## [What you should do]
Would you retype the listing word for word, skipping its pictures?

## [Data block]
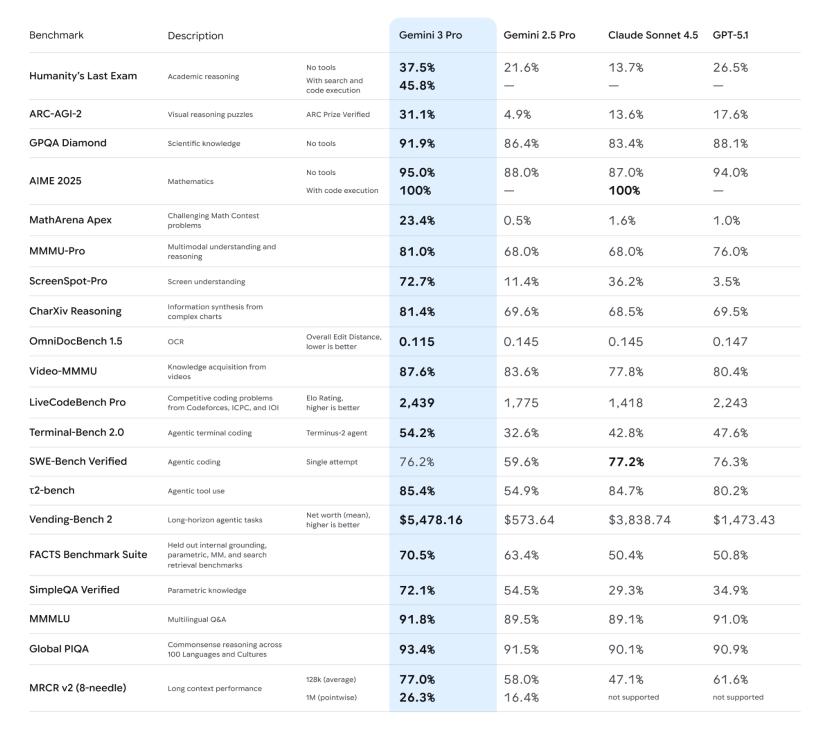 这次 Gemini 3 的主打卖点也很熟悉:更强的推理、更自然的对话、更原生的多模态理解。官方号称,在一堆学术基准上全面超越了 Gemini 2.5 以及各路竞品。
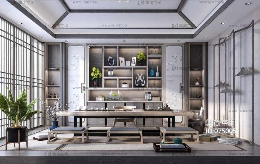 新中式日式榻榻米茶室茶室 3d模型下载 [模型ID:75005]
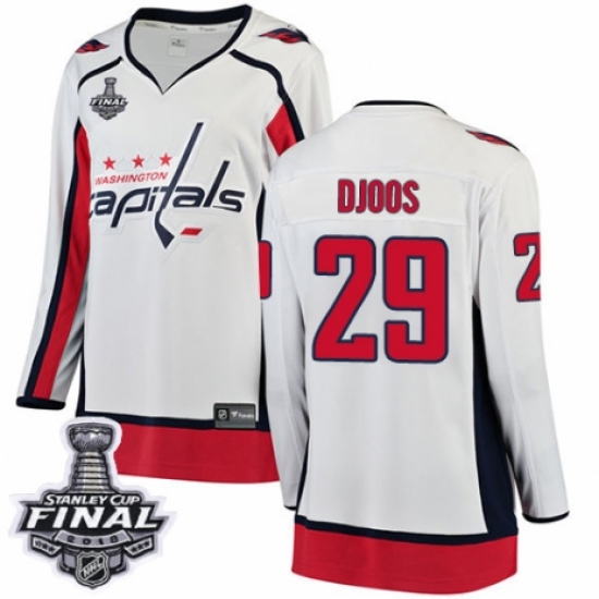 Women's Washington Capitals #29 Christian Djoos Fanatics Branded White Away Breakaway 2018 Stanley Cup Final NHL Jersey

## [Written reply]
 这次 Gemini 3 的主打卖点也很熟悉:更强的推理、更自然的对话、更原生的多模态理解。官方号称,在一堆学术基准上全面超越了 Gemini 2.5 以及各路竞品。
 新中式日式榻榻米茶室茶室 3d模型下载 [模型ID:75005]
 Women's Washington Capitals #29 Christian Djoos Fanatics Branded White Away Breakaway 2018 Stanley Cup Final NHL Jersey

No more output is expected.